→ **WORK TASK**
Print, word for word, the line containing "Купить Влажный корм" and all lines beneath it to the end of the entries below. Pictures do not belong in the copy.

Saved entries

********************

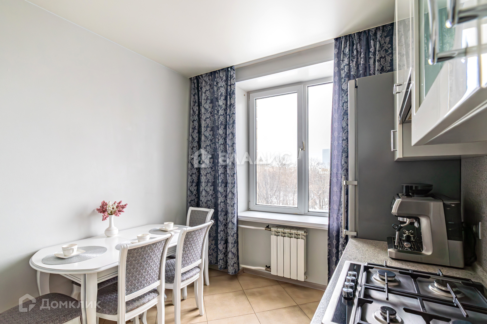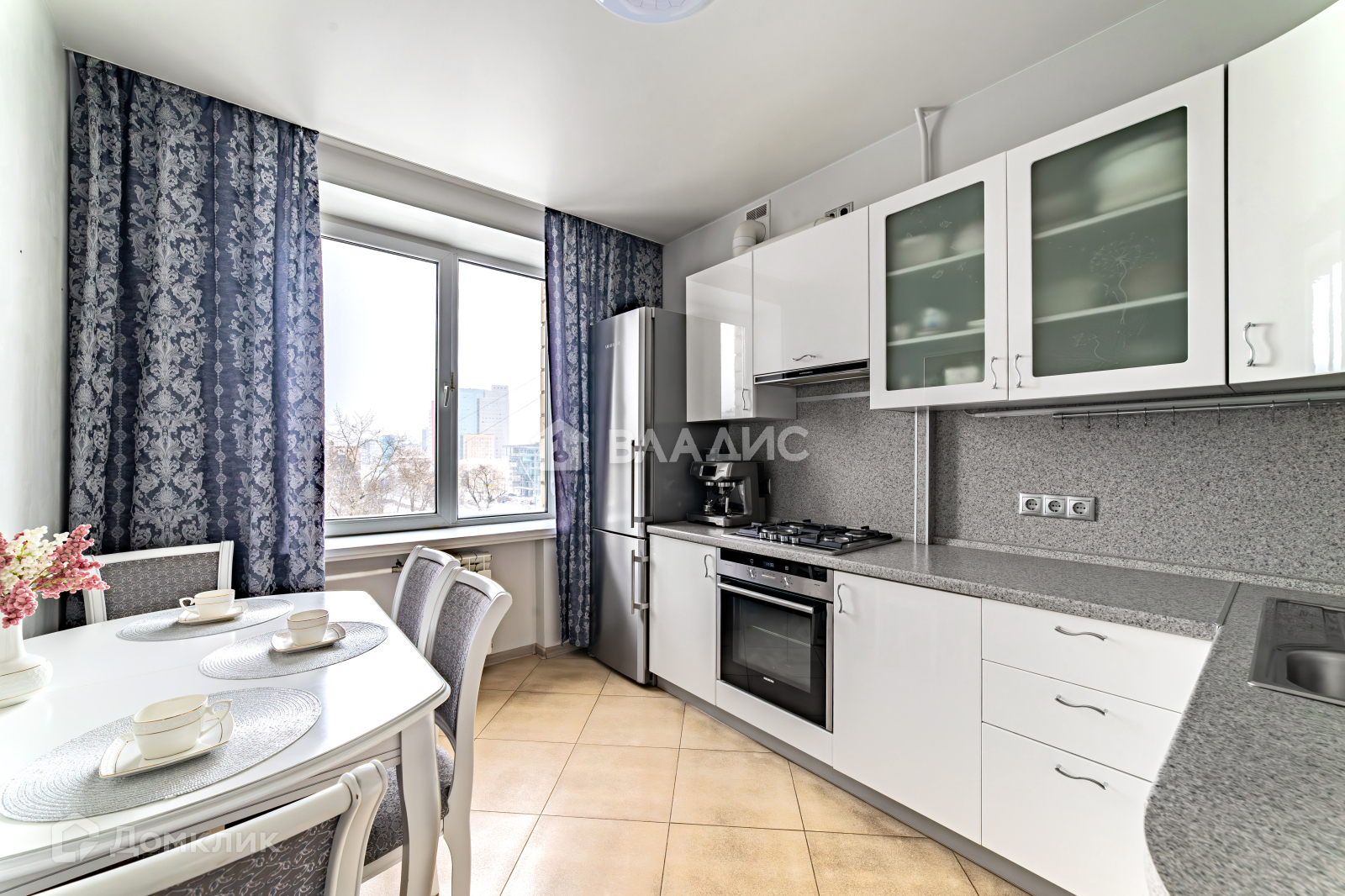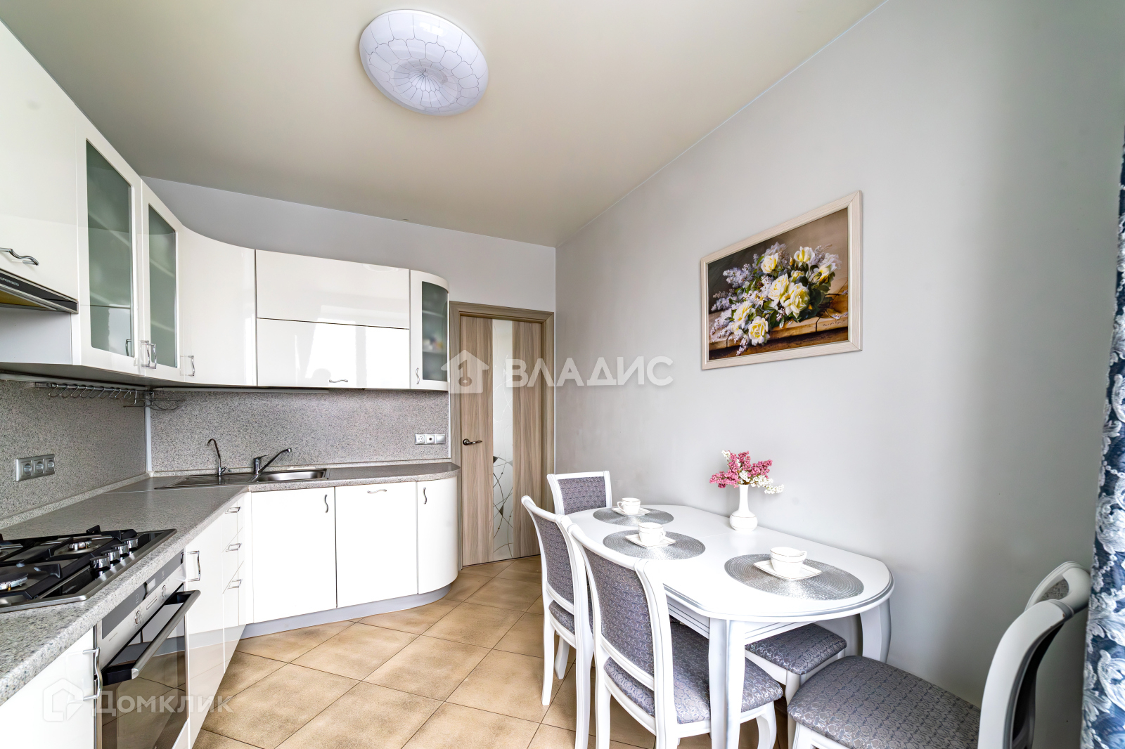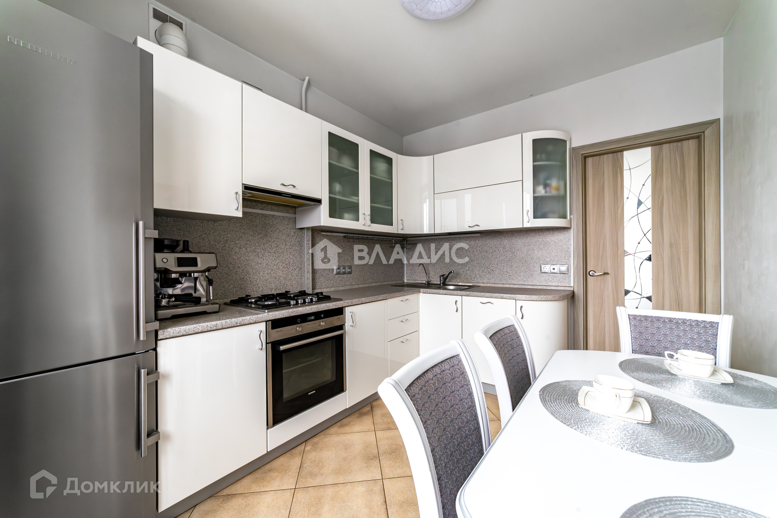 Кухня имеет угловую мебель со встроенной бытовой техникой изготовленной в Германии. Электрический  духовой шкаф SIEMENS, газовая варочная  панель SIEMENS, посудомоечная машина SIEMENS, холодильник LIEBHERR производство Германия, вытяжка KUPPERSBERG производство Германия.  Кухонный стол и стулья изготовлены из массива дерева.
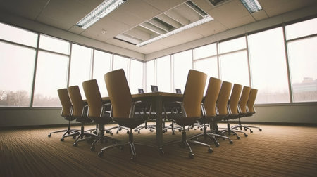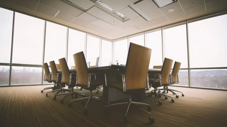 A modern conference room featuring large windows, wooden chairs, and a sleek table. This professional workspace is ideal for meetings and collaboration.
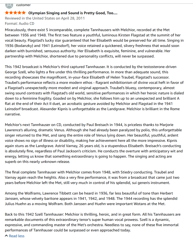 >>129562371This is fine. There were still good singers floating around until the late 90s or so, even if those performances tended to creep more into inconsistency. Barenboim's Wagner does tend to have more good singing than not, especially compared to today. Although I wouldn't say that there is a uniform excellence across all his cast members unlike what we would get in the 30s-60s.
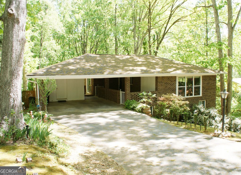 Don't miss the charm of this renovated, 4-sided brick ranch located in sought after Lakeshore Heights right near the heart of Gainesville! You need to see it to believe all this unique home has to offer! Handicap accessible to both the main entrance and the side deck, and it backs up to Corp property, so no neighbors behind you ever! This ranch is perfect for multi-generational living or roommates due to 2 private side entries from both deck levels. Totally updated on the main level in 2018 with 2 new bathrooms, new kitchen, flooring, lighting, fixtures, and new windows throughout. This home is filled with character inside and out with an open floor plan. Walls of windows allowing nature and natural light to enhance the rooms! The current owner has improved it even more with new roof, gutters, hot water heater, and a sliding door to the newer deck to name just a few improvements! A list of the improvements is available upon request. All stainless appliances, washer/dryer, and freezer are included too. The fireplace is a beautiful focal point in the living room with a wall of windows overlooking nature. The fireplace is not in use, but there are options to open it back up should someone wish to use it for more than a decorative focal point. Gas logs are included. Beautiful brick covered patio at entrance from carport, plus a nice studio/workshop/storage area under the 2-car carport with huge window overlooking back deck and nature. Private backyard that abuts Corp property, so you can walk to the lake for fishing or kayaking. Partially finished basement with 2 BR & 1 shower bathroom plus a huge laundry room with washer/dryer/freezer included. Lots of storage, large bonus/exercise room (equipment included), long storm/safe room, and even a gated pet area for those cold winter nights. Outside there is a like-new multi-level deck overlooking the private backyard. Lush landscaping, landscape lighting and drip lines throughout some of the flower beds. You have got to see this to believe all the gorgeous flowers that are popping up each week this spring! Very convenient to shopping, downtown Gainesville, community parks for lake, walking, tennis, playgrounds and other activities. Easy to show, so call today to preview!
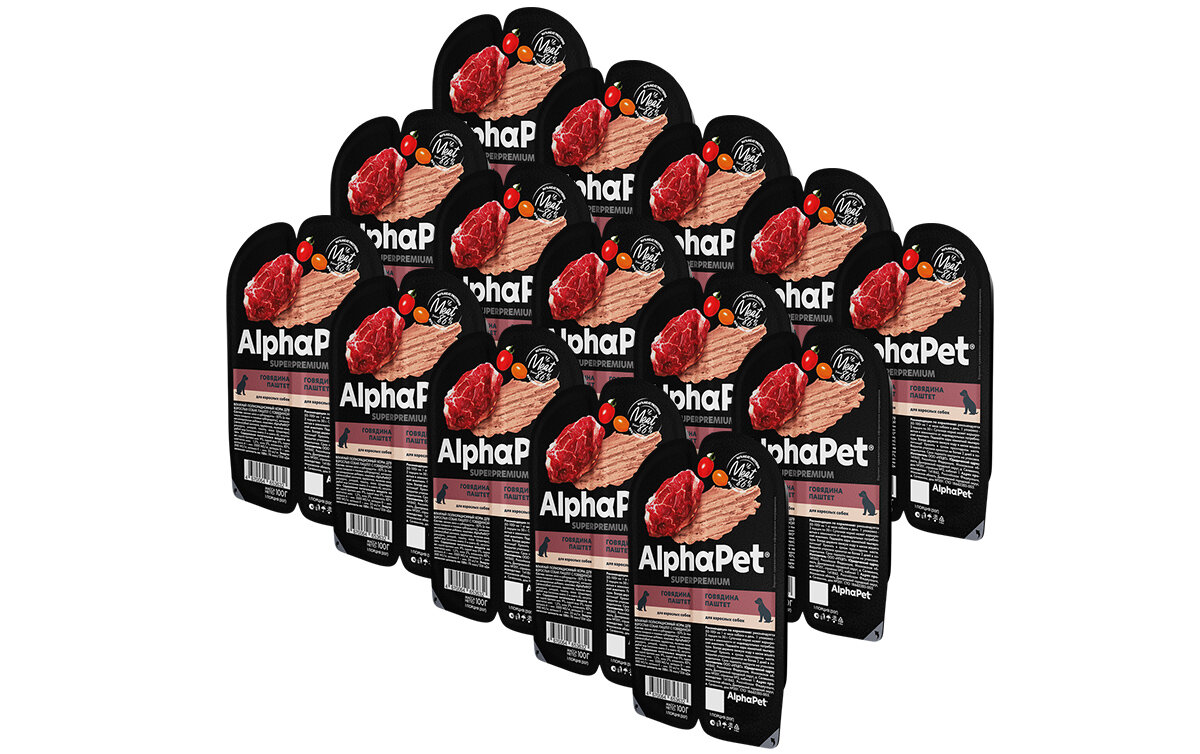 Купить Влажный корм для собак AlphaPet Superpremium паштет с говядиной,упаковка 15 шт по 100 гр
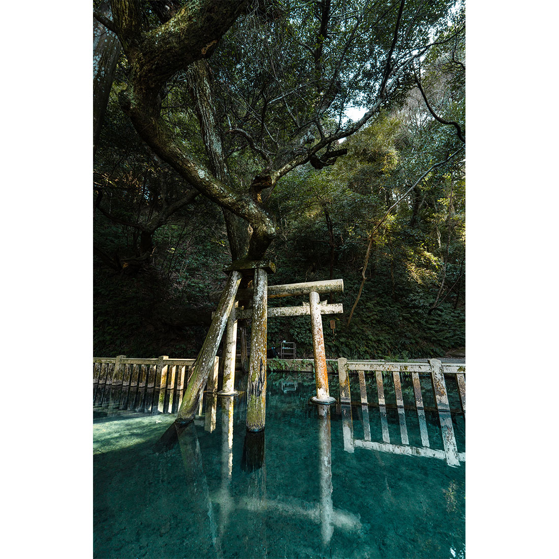 This contrast embodies purification and regeneration, reflecting the image of a sacred space (water torii gate) where life constantly circulates and is cleansed.
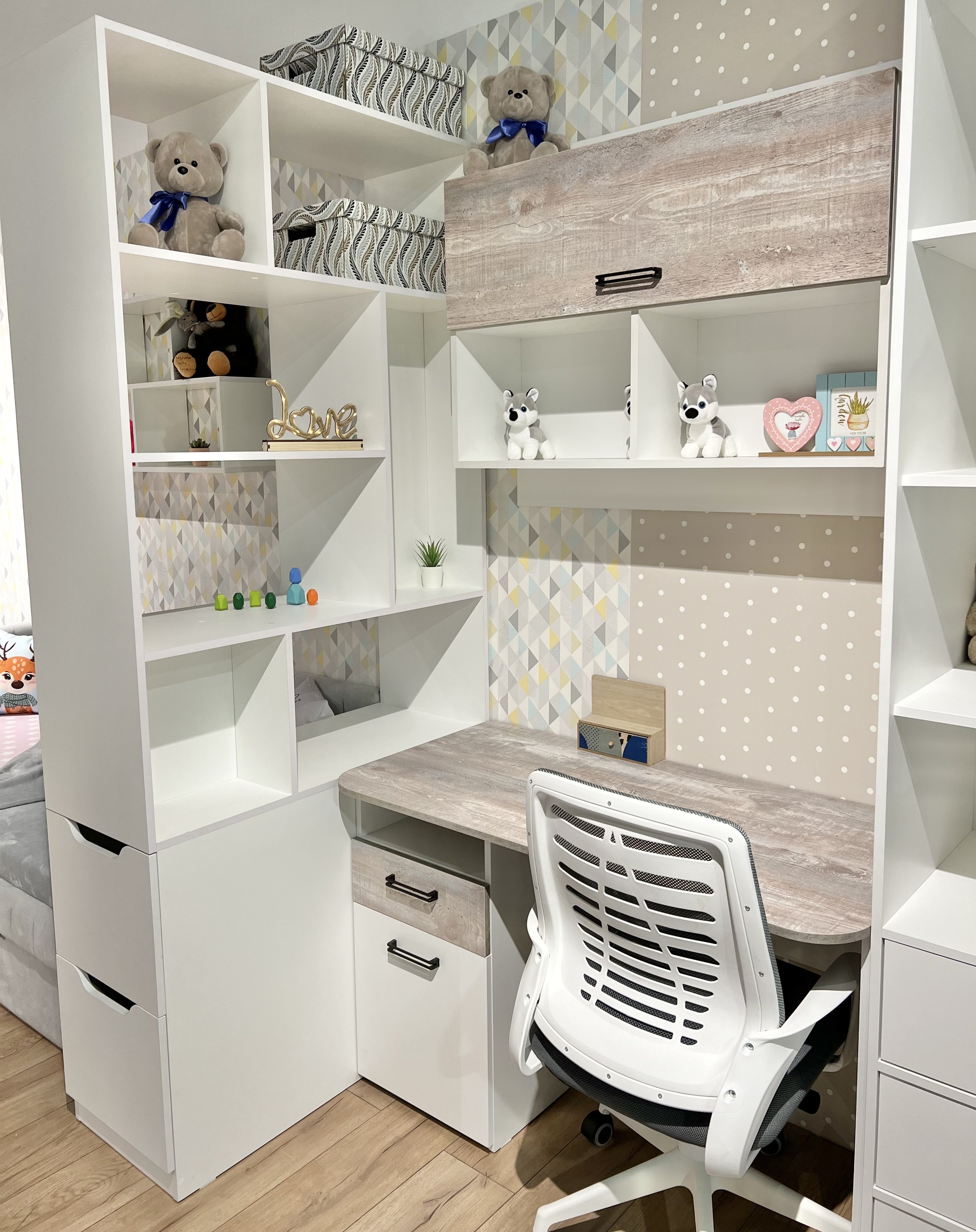 Мебель выполнена из сертифицированного, качественного, экологически чистого ЛДСП класса Е0,5 в сочетании цвета "бетон пайн" с белым.
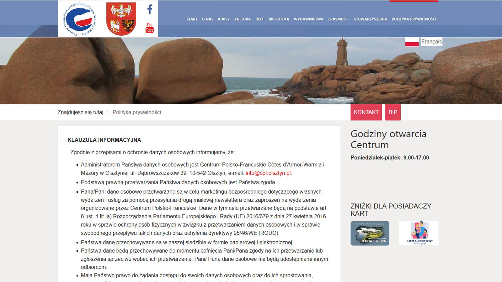 Na stronie Centrum Polsko-Francuskiego w Olsztynie dokonaliśmy szereg zmian optymalizacujących stronę.
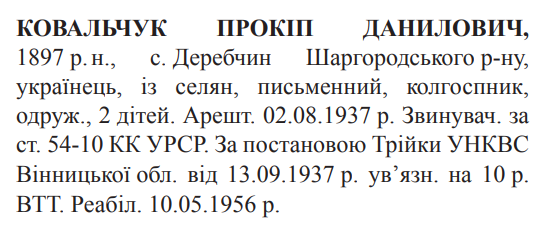 Реабілітований: Вінницьким облсудом 10.05.1956 Реабілітовані історією
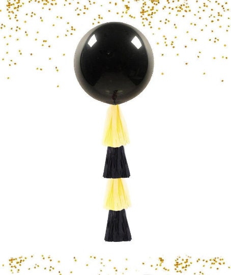 A black 36" Gender reveal balloon with yellow & black tassels!
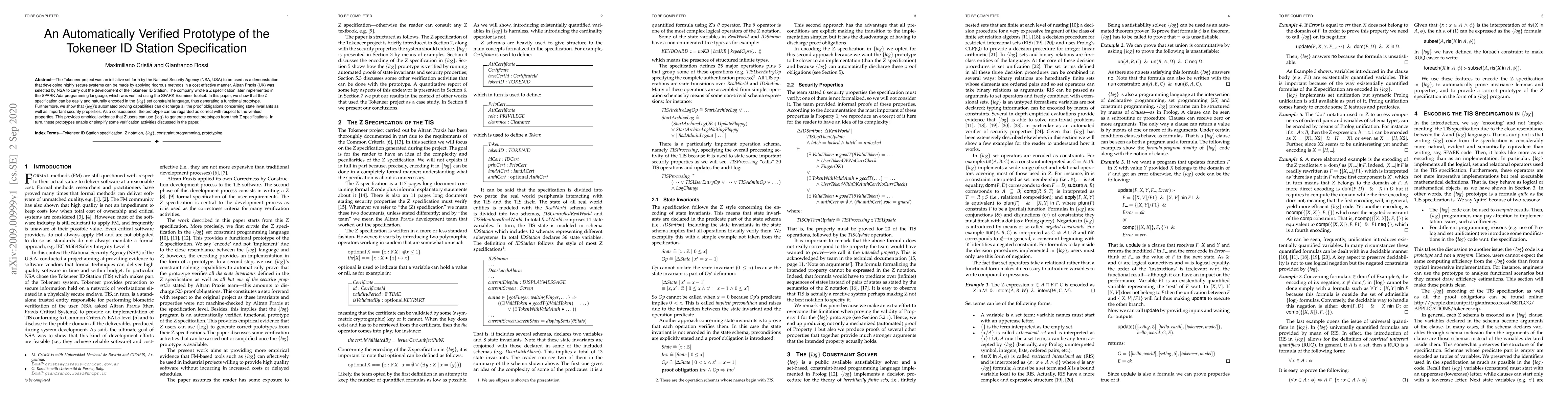 This paper demonstrates the development of a verified prototype of the Tokeneer ID Station using the {log} set constraint language, showing that it can encode a Z specification and discharge all proof obligations, thus providing a correct prototype and empirical evidence for simplifying verification activities.

********************

→ **OUTPUT FOR THIS TASK**
 Купить Влажный корм для собак AlphaPet Superpremium паштет с говядиной,упаковка 15 шт по 100 гр
 This contrast embodies purification and regeneration, reflecting the image of a sacred space (water torii gate) where life constantly circulates and is cleansed.
 Мебель выполнена из сертифицированного, качественного, экологически чистого ЛДСП класса Е0,5 в сочетании цвета "бетон пайн" с белым.
 Na stronie Centrum Polsko-Francuskiego w Olsztynie dokonaliśmy szereg zmian optymalizacujących stronę.
 Реабілітований: Вінницьким облсудом 10.05.1956 Реабілітовані історією
 A black 36" Gender reveal balloon with yellow & black tassels!
 This paper demonstrates the development of a verified prototype of the Tokeneer ID Station using the {log} set constraint language, showing that it can encode a Z specification and discharge all proof obligations, thus providing a correct prototype and empirical evidence for simplifying verification activities.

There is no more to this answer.